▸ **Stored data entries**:
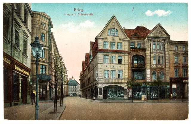 Widok obecnej ul. Mlecznej (Milchstraße) od strony Rynku w kierunku ul. Długiej (Langestraße). Na pierwszym planie widoczna narożna kamienica południowej pierzei Rynku.
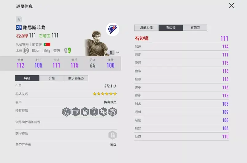 路易斯菲戈和贝克汉姆一样也同样是一位相当有才华的边路球员,他的传中脚法炉火纯青,无论是起高球还是低平球传中都有相当高的精准度。当然,他也是一位比较有争议的巨星,因为他相继效力过西甲的两家最顶级的豪门俱乐部。游戏中的CAP赛季菲戈与19WL一样是目前所有赛季卡中能力值最高的,相比之下19WL在射术方面更占优势,但CAP赛季射门弧线高出10点,灵活和反应也有不同程度的增强 ,因此队长赛季卡在实战中优势更大。毫无疑问的是,玩家使用菲戈的作用也主要是下底传中,尽管当前版本头球并不是主要的得分方式,但菲戈的传中还是能够让许多身高平平的前锋抢点破门。相比较贝克汉姆而言,菲戈的双速就要快了不少,也更适合边锋一些,盘带、控球同样是他的拿手好戏,再结合满星花式,在排位赛中往往能看到操作非常秀的菲戈出现。
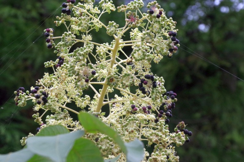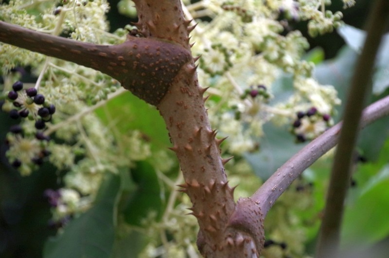 いますが、この刺が確認できると、タラノキということになります。7では、若い実ができてきています。
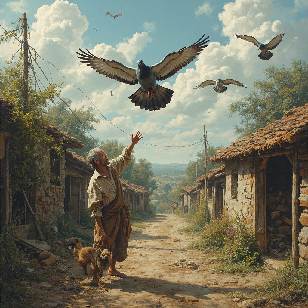 Man Captures Large Pigeon in a Village
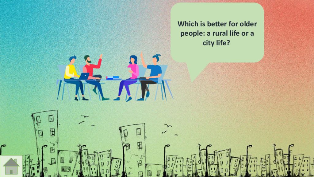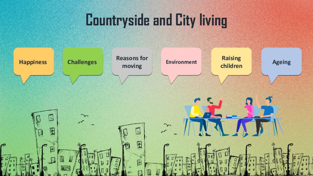 Countryside and City living Happiness Challenges Reasons for moving Environment Raising children A geing
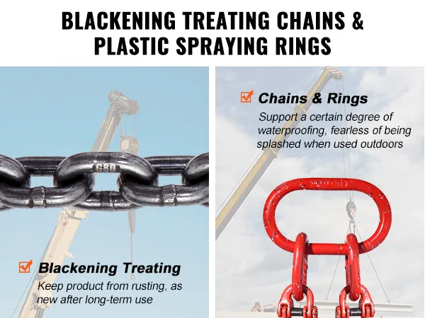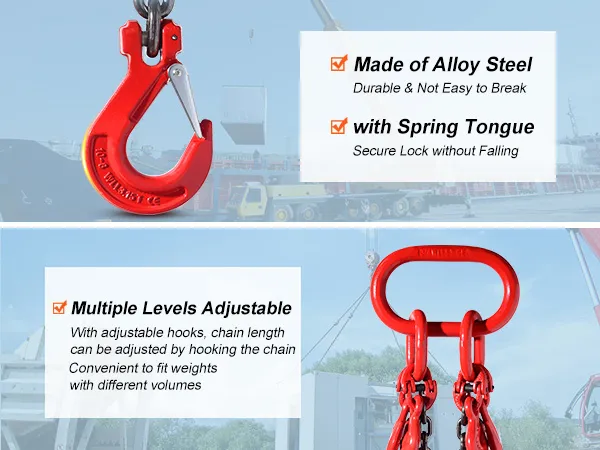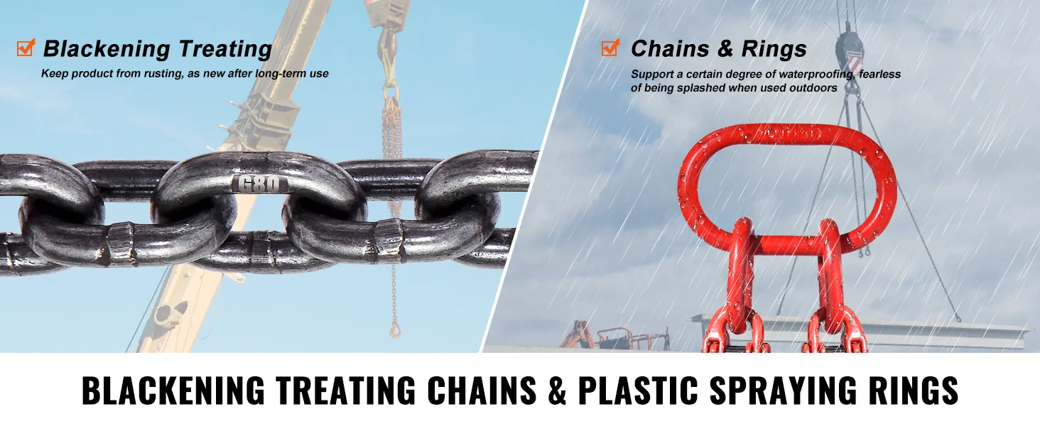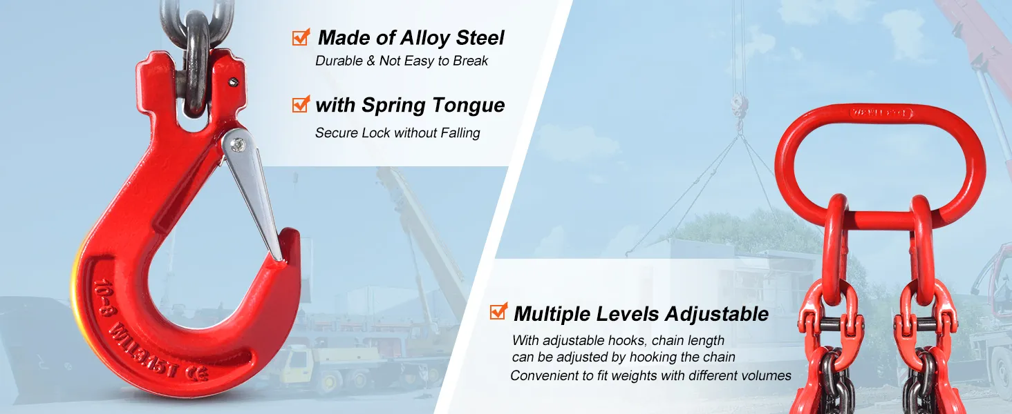 Zware ketting en haak: onze kettingstrop is gemaakt van G80 Mn stalen ketting en gelegeerde stalen haak en is voorzien van volautomatische lastechnologie, ontworpen voor langdurig gebruik.
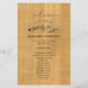 Beautiful MOUNTAIN WEDDING program paper sheet design featuring a sketched mountain motif and a big "welcome" in an elegant script as well as the wedding program details on a rustic wood-textured background for you to personalise.
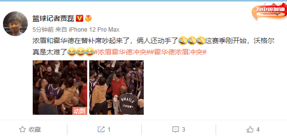 知名篮球记者贾磊表示;浓眉和霍华德在替补席吵起来了,俩人还动手了,这赛季刚开始,沃格尔真是太难了.
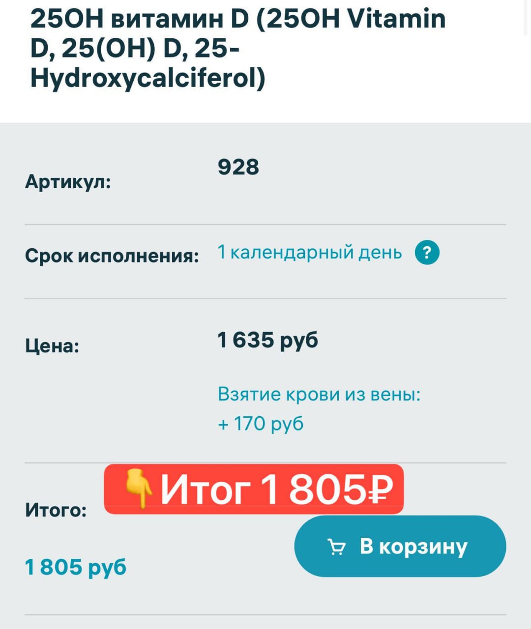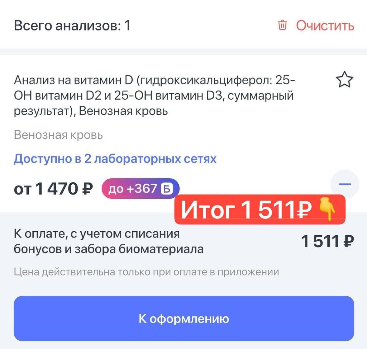 Сравнивали стоимость анализа витамина D3, через приложение HelloDoc и напрямую в Инвитро, выгоднее оказалось в Хэлодок. 1 511₽ с баллами против 1 805₽ напрямую.

▸ **Task instructions**: Repeat the records above exactly. No pictures go into the repeat.

▸ **Answer for the task**:
 Widok obecnej ul. Mlecznej (Milchstraße) od strony Rynku w kierunku ul. Długiej (Langestraße). Na pierwszym planie widoczna narożna kamienica południowej pierzei Rynku.
 路易斯菲戈和贝克汉姆一样也同样是一位相当有才华的边路球员,他的传中脚法炉火纯青,无论是起高球还是低平球传中都有相当高的精准度。当然,他也是一位比较有争议的巨星,因为他相继效力过西甲的两家最顶级的豪门俱乐部。游戏中的CAP赛季菲戈与19WL一样是目前所有赛季卡中能力值最高的,相比之下19WL在射术方面更占优势,但CAP赛季射门弧线高出10点,灵活和反应也有不同程度的增强 ,因此队长赛季卡在实战中优势更大。毫无疑问的是,玩家使用菲戈的作用也主要是下底传中,尽管当前版本头球并不是主要的得分方式,但菲戈的传中还是能够让许多身高平平的前锋抢点破门。相比较贝克汉姆而言,菲戈的双速就要快了不少,也更适合边锋一些,盘带、控球同样是他的拿手好戏,再结合满星花式,在排位赛中往往能看到操作非常秀的菲戈出现。
 いますが、この刺が確認できると、タラノキということになります。7では、若い実ができてきています。
 Man Captures Large Pigeon in a Village
 Countryside and City living Happiness Challenges Reasons for moving Environment Raising children A geing
 Zware ketting en haak: onze kettingstrop is gemaakt van G80 Mn stalen ketting en gelegeerde stalen haak en is voorzien van volautomatische lastechnologie, ontworpen voor langdurig gebruik.
 Beautiful MOUNTAIN WEDDING program paper sheet design featuring a sketched mountain motif and a big "welcome" in an elegant script as well as the wedding program details on a rustic wood-textured background for you to personalise.
 知名篮球记者贾磊表示;浓眉和霍华德在替补席吵起来了,俩人还动手了,这赛季刚开始,沃格尔真是太难了.
 Сравнивали стоимость анализа витамина D3, через приложение HelloDoc и напрямую в Инвитро, выгоднее оказалось в Хэлодок. 1 511₽ с баллами против 1 805₽ напрямую.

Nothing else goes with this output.